Excerpted data:

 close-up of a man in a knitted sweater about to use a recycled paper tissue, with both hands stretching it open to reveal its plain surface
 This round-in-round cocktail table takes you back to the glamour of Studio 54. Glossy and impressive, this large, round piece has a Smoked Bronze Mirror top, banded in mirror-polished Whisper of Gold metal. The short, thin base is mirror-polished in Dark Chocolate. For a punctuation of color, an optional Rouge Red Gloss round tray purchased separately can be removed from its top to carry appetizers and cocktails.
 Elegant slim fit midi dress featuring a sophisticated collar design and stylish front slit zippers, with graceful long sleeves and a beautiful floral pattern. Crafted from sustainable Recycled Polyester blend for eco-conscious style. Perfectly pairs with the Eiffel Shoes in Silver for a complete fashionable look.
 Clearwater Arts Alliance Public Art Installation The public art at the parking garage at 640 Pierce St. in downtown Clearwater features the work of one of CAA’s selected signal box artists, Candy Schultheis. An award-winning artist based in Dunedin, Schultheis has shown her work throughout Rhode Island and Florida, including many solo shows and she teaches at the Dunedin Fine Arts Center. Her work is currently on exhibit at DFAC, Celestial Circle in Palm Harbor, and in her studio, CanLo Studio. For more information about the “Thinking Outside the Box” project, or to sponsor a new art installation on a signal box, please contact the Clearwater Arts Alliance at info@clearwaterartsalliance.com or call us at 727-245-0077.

...

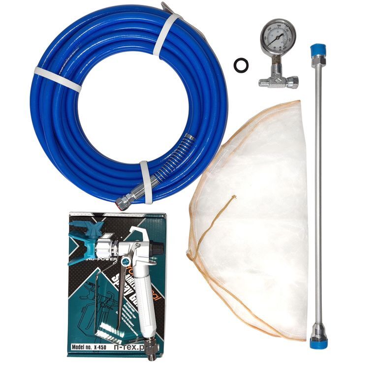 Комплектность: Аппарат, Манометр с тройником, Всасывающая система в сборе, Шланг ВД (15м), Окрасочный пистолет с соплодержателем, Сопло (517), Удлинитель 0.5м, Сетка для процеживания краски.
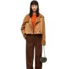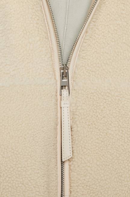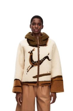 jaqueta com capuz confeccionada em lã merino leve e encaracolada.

Exercise description: The word "Studio" occurs in some lines of the data above; report how many such lines there are, with no other words.

Response below: 2